The Deadly Ponies Gang isn't a mockumentary, but promises a "merging of real lives and comic personas". Today's sophisticated comedy landscape definitely allows for such storytelling ambiguities, but I am also intrigued to see how the narrative will come together.
I'm strongly in favour of there being a moratorium on straight dramas in New Zealand cinema for at least a generation. We've made more than enough of those for now.
If we want our cinematic culture to evolve, then it's time to get really weird. The weirder a Kiwi film, the better.
Succeed or fail, a sense of uniqueness can artistically justify anything.
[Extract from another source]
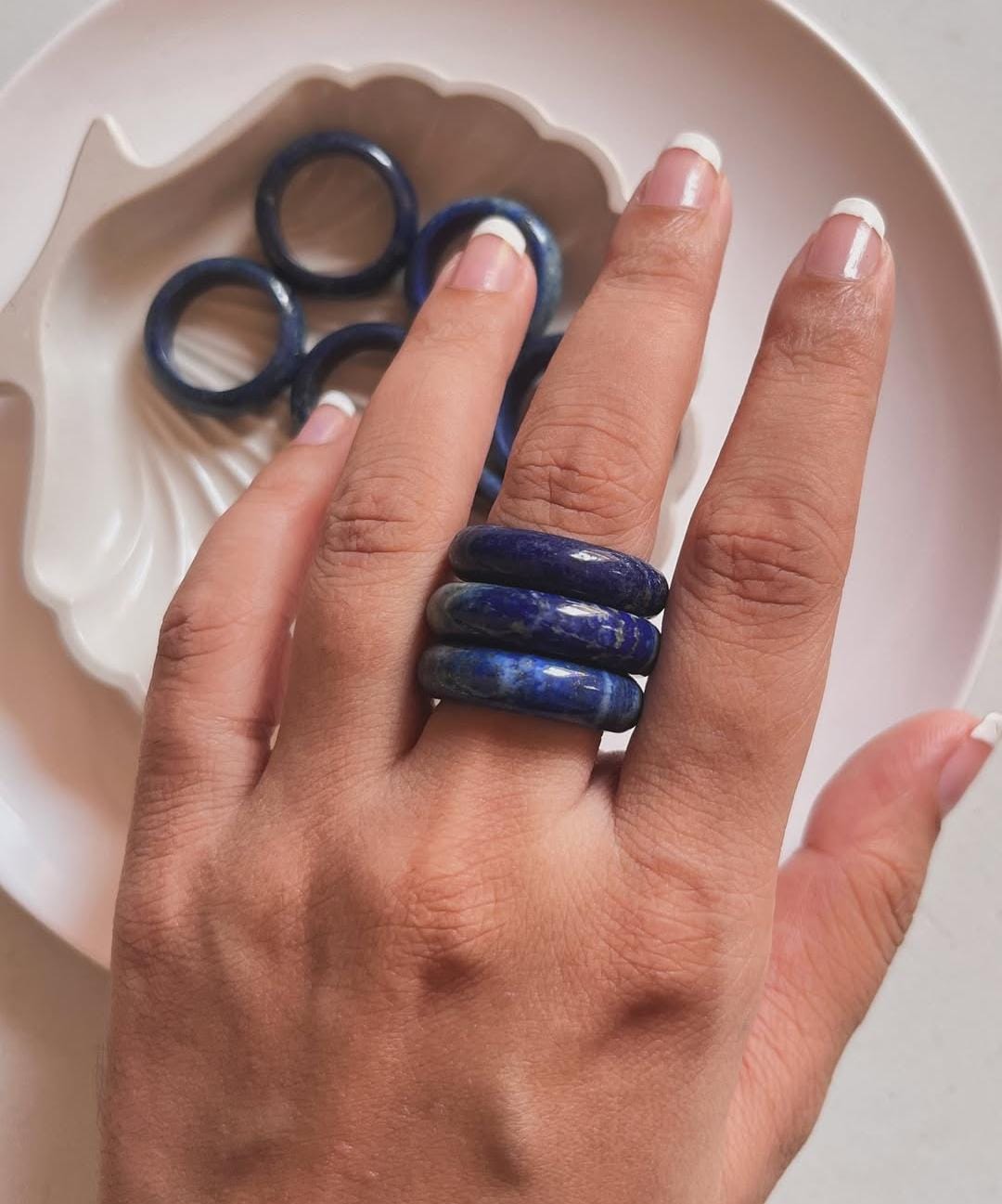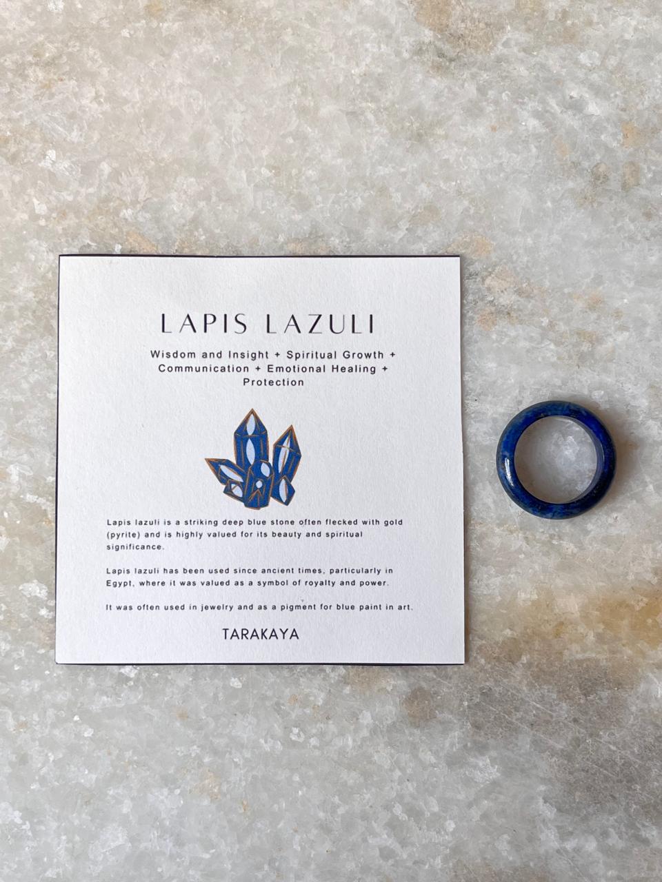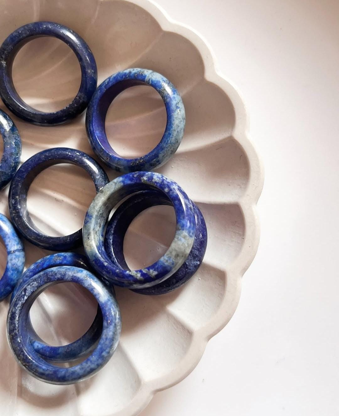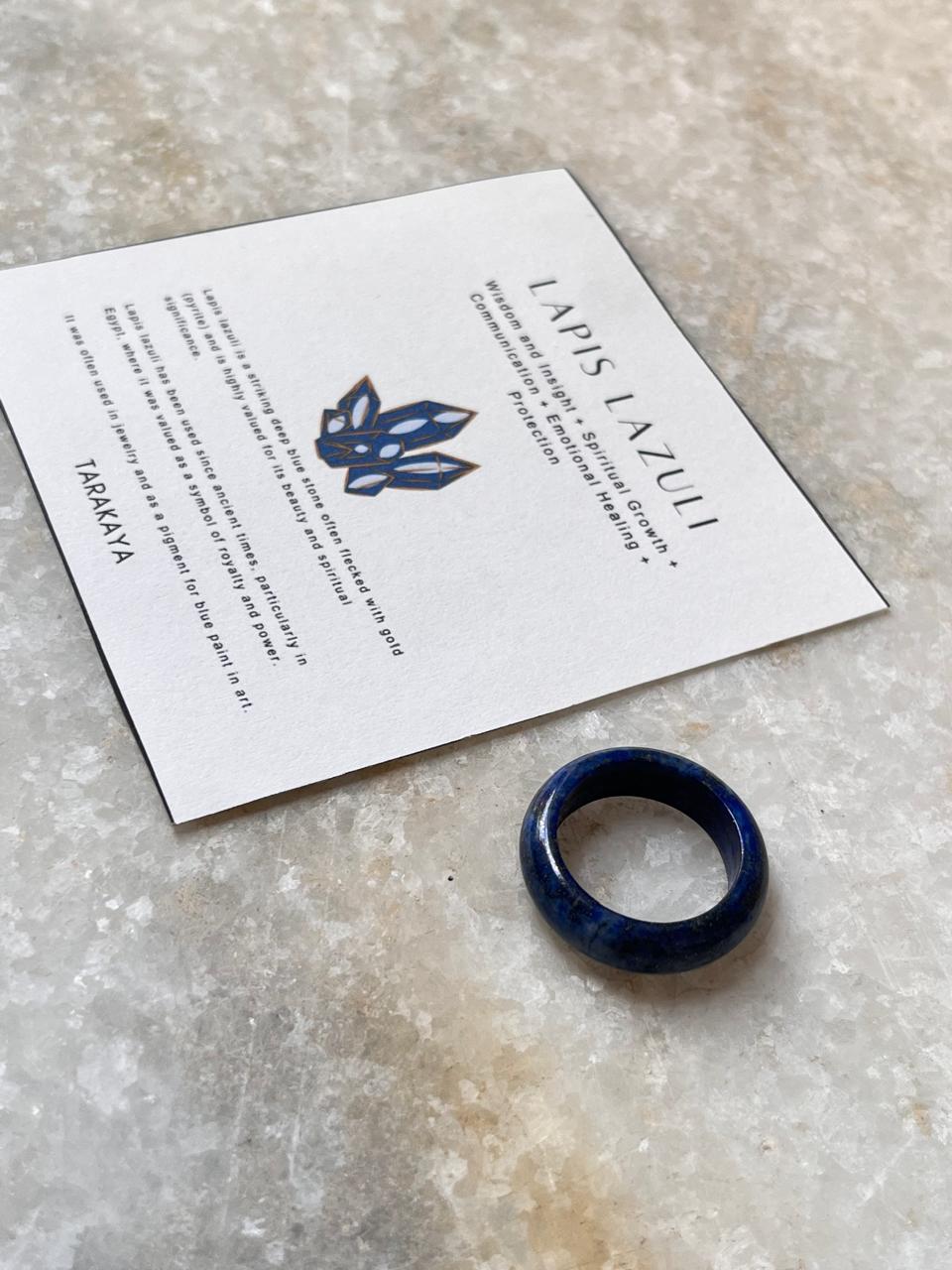 The Lapis Lazuli Crystal Band Ring is a striking piece that showcases the deep blue beauty of lapis lazuli, a stone revered for its connection to wisdom, truth, and spiritual insight. Known for its rich color and golden flecks, lapis lazuli is believed to enhance mental clarity, promote self-awareness, and encourage inner peace. Set in a sleek, minimalist band, this ring makes a bold statement while offering powerful metaphysical benefits. Ideal for those seeking both style and spiritual growth, it’s a timeless addition to any jewelry collection.

Bravo The Deadly Ponies Gang for not seeming like anything I've ever seen before.
Director Tim Van Dammen is responsible for some of New Zealand's more interesting music videos, which no doubt played a role in him being selected to helm a new high-concept musical version of the bard's best known play.
Romeo and Juliet: A Love Song went into production with the songs already recorded and Van Dammen tasked with bringing them to visual life.
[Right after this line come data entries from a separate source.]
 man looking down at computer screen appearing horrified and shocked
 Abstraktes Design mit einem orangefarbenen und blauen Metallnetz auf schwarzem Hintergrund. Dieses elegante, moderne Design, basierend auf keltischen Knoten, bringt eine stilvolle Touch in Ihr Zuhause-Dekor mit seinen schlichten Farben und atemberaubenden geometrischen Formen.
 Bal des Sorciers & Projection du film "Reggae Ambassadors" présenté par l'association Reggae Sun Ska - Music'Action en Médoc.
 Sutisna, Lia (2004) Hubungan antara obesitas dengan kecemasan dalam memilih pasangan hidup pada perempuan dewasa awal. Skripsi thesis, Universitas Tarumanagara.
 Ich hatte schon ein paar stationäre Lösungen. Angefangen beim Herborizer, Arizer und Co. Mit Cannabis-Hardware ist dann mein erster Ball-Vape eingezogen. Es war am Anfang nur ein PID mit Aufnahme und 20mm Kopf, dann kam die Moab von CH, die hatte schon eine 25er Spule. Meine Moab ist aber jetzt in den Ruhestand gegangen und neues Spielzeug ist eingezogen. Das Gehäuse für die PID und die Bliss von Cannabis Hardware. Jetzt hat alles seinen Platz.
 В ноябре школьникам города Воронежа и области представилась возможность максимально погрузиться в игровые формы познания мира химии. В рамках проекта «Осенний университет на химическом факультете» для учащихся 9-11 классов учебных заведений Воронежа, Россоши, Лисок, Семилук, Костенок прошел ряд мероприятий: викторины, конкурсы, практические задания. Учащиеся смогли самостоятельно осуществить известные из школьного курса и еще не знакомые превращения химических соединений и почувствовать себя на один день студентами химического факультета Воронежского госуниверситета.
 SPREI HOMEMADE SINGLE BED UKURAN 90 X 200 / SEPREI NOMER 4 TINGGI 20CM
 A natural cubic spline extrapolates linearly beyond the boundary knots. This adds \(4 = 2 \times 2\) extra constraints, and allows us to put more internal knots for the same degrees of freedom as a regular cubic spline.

With the inherent drama of the source material driving it forward, the press materials promising "bad haircuts and bad influences" and filming having taken place in a campground up north, it's anyone's guess as to the exact aesthetic that will be presented, or if this will even be identifiable as a New Zealand film.
Whatever the case, I'm on board.
Just as The Deadly Ponies Gang fuses the new filmmaking school with the old by having Costa Botes (Forgotten Silver) as editor, Romeo & Juliet: A Love Song received some post-shoot guidance from long-term Peter Jackson collaborator Jamie Selkirk.
For reasons I'm not able to completely identify, I am strongly drawn to any movies that empathise with the mundanity of retail work. Curtis Vowell's film Fantail is about a young petrol station attendant played by Sophie Henderson, upon whose one-woman play this film is based.
I'm sure Fantail has plenty to say about life, the universe and everything, but I'm excited for the graveyard-shift-at-the-servo stuff. It's not difficult for films in this milieu to tap into a quiet urban poetry (see Clerks, Suburbia), and I look forward to seeing Vowell and Henderson engage this dynamic.
The boldness of this year's narrative Kiwi offerings extends to the documentaries as well, with lots of attention focusing on Soul in the Sea, already famous for its Department of Conservation showdown scene.
The film is about a human-friendly dolphin named Moko who died in 2010, and the impact he had on the coastal communities he visited.
It doesn't appear to have much of a New Zealand focus, but Kiwi director Stephanie Beth's Us and the Game Industry sure looks fascinating nonetheless, especially coming at a time when the positive side of the "Are games art?" debate is gathering steam.
Other Kiwi docs eliciting interest in me are Venus: A Quest, Don Driver: Magician and Amthony Powell's sure-to-be-breathtaking time-lapse project Antartica: A Year on Ice.